## [Work task]
Of all the entries below, only the lines from the one with "Un ulteriore aspetto" up to and including the one with "记者直播飓风缩头岔腿站不稳 身后俩短裤男悠哉路过出卖了他" are to be duplicated exactly.

## [Records for this exercise]

....................

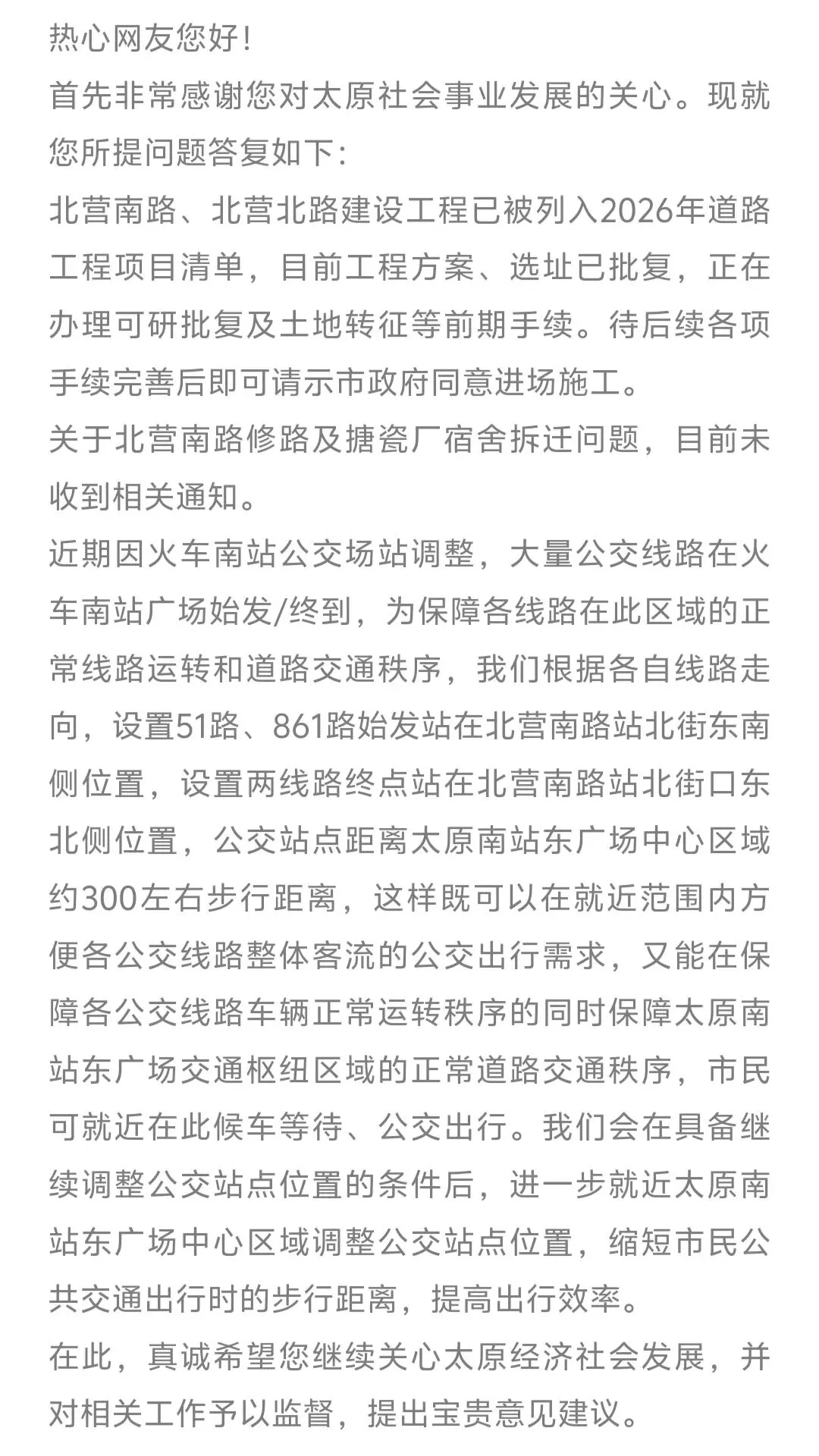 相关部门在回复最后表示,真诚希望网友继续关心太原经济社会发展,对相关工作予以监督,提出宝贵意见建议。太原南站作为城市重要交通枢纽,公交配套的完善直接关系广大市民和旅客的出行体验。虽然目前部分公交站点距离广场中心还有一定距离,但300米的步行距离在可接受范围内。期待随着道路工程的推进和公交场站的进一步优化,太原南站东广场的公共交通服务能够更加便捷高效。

....................

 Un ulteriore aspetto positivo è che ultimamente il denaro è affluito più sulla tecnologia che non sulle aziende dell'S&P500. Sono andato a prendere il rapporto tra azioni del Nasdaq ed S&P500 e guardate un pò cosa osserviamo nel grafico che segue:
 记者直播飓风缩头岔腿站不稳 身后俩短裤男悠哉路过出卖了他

....................

## [Solution below]
 Un ulteriore aspetto positivo è che ultimamente il denaro è affluito più sulla tecnologia che non sulle aziende dell'S&P500. Sono andato a prendere il rapporto tra azioni del Nasdaq ed S&P500 e guardate un pò cosa osserviamo nel grafico che segue:
 记者直播飓风缩头岔腿站不稳 身后俩短裤男悠哉路过出卖了他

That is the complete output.